### Directions
What are the lines, word for word, from the line with "Michael Kors Men's" up to and including the line with "Row 1 (Single" in the records below? Omit the pictures.
*** The data ***
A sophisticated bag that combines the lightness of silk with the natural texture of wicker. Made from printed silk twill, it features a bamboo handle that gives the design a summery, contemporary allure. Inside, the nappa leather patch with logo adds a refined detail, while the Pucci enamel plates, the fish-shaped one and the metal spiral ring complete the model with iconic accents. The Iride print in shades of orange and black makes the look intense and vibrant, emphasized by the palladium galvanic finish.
*** End of The data ***
*** The data ***
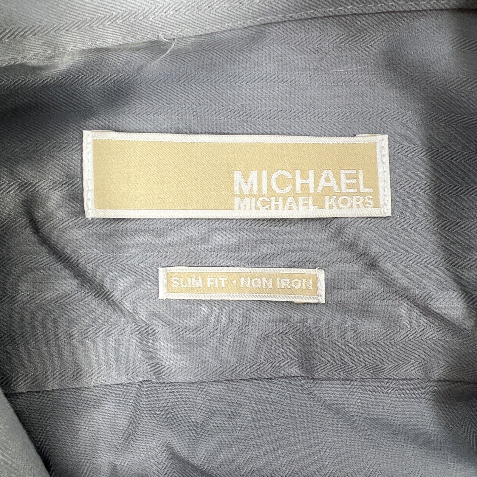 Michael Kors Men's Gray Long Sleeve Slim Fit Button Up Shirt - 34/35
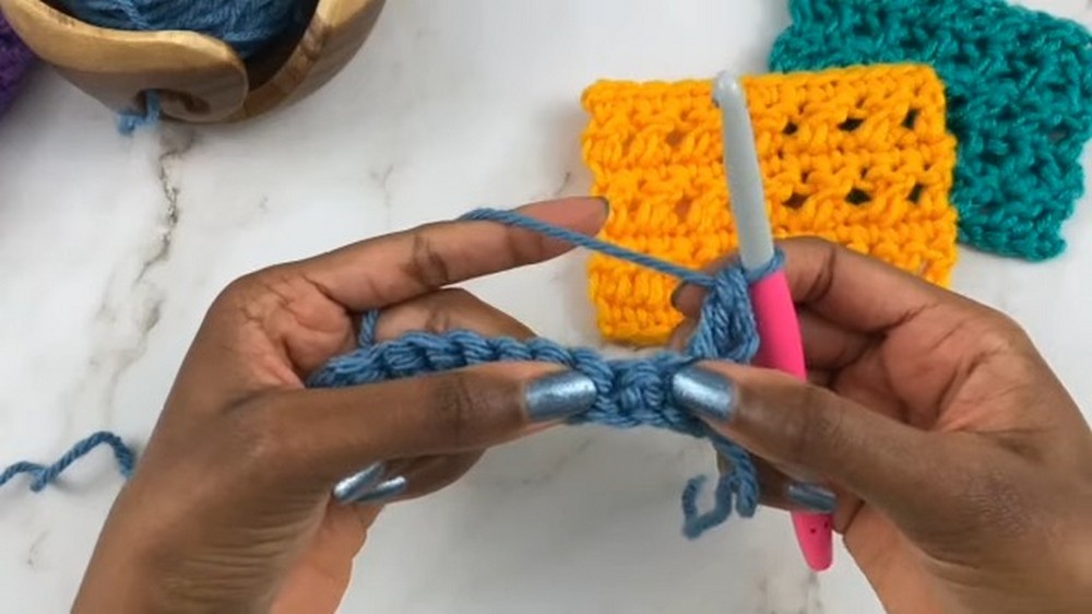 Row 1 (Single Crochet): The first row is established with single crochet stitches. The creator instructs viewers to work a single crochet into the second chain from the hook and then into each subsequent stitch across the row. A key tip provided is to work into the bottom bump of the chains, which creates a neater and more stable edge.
*** End of The data ***
### Written reply
 Michael Kors Men's Gray Long Sleeve Slim Fit Button Up Shirt - 34/35
 Row 1 (Single Crochet): The first row is established with single crochet stitches. The creator instructs viewers to work a single crochet into the second chain from the hook and then into each subsequent stitch across the row. A key tip provided is to work into the bottom bump of the chains, which creates a neater and more stable edge.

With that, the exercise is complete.